* **Given information**:
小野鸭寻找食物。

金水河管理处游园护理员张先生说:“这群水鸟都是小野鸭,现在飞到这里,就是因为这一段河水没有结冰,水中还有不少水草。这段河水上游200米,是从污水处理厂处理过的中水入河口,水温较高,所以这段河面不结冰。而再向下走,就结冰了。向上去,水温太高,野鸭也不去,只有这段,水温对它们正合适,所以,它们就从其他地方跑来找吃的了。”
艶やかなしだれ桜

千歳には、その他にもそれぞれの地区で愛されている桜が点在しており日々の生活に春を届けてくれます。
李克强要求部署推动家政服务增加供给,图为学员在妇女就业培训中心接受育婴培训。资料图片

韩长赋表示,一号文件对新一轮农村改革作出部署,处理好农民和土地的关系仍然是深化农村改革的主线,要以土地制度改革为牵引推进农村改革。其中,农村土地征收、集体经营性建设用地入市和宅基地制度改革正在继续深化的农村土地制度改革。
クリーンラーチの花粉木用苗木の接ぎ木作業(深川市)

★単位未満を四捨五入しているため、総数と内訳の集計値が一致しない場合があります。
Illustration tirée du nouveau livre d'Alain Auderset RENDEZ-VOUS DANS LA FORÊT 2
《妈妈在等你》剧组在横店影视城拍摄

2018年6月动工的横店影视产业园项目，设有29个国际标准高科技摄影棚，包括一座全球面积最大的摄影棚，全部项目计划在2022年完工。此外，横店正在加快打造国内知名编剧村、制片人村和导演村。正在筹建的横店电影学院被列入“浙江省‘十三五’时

...

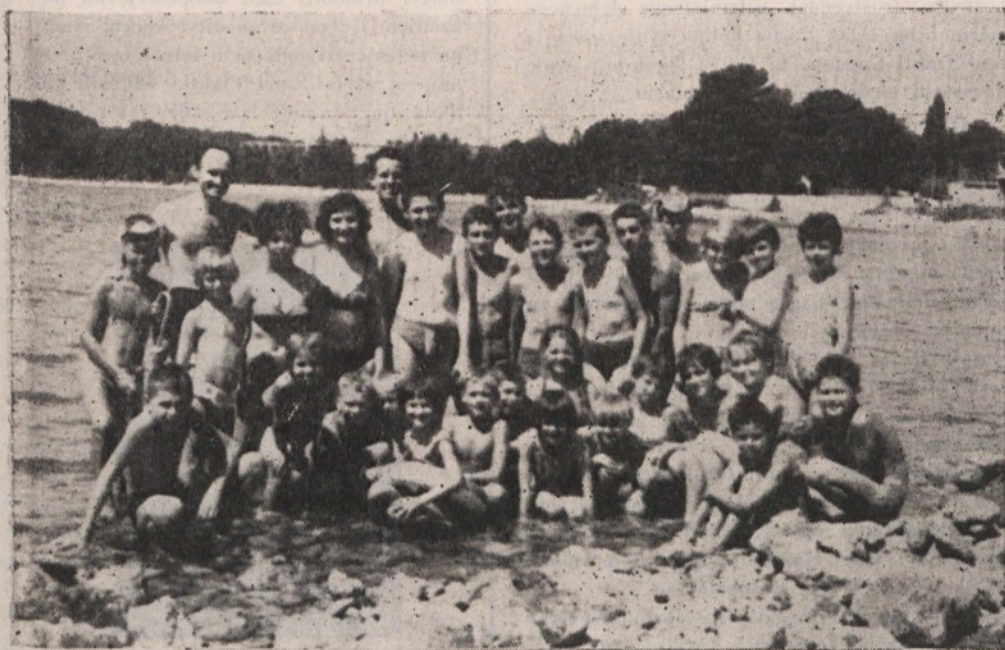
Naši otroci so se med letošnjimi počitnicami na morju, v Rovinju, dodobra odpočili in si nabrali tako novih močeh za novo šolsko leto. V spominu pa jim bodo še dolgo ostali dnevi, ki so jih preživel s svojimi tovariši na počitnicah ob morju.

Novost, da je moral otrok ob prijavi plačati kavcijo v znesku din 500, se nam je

* **Exercise requirements**: In the data above, retype exactly and only the lines between the one holding "金水河管理处游园护理员张先生" and the one holding "2018年6月动工的横店影视", inclusive.

* **Final answer**:
金水河管理处游园护理员张先生说:“这群水鸟都是小野鸭,现在飞到这里,就是因为这一段河水没有结冰,水中还有不少水草。这段河水上游200米,是从污水处理厂处理过的中水入河口,水温较高,所以这段河面不结冰。而再向下走,就结冰了。向上去,水温太高,野鸭也不去,只有这段,水温对它们正合适,所以,它们就从其他地方跑来找吃的了。”
艶やかなしだれ桜

千歳には、その他にもそれぞれの地区で愛されている桜が点在しており日々の生活に春を届けてくれます。
李克强要求部署推动家政服务增加供给,图为学员在妇女就业培训中心接受育婴培训。资料图片

韩长赋表示,一号文件对新一轮农村改革作出部署,处理好农民和土地的关系仍然是深化农村改革的主线,要以土地制度改革为牵引推进农村改革。其中,农村土地征收、集体经营性建设用地入市和宅基地制度改革正在继续深化的农村土地制度改革。
クリーンラーチの花粉木用苗木の接ぎ木作業(深川市)

★単位未満を四捨五入しているため、総数と内訳の集計値が一致しない場合があります。
Illustration tirée du nouveau livre d'Alain Auderset RENDEZ-VOUS DANS LA FORÊT 2
《妈妈在等你》剧组在横店影视城拍摄

2018年6月动工的横店影视产业园项目，设有29个国际标准高科技摄影棚，包括一座全球面积最大的摄影棚，全部项目计划在2022年完工。此外，横店正在加快打造国内知名编剧村、制片人村和导演村。正在筹建的横店电影学院被列入“浙江省‘十三五’时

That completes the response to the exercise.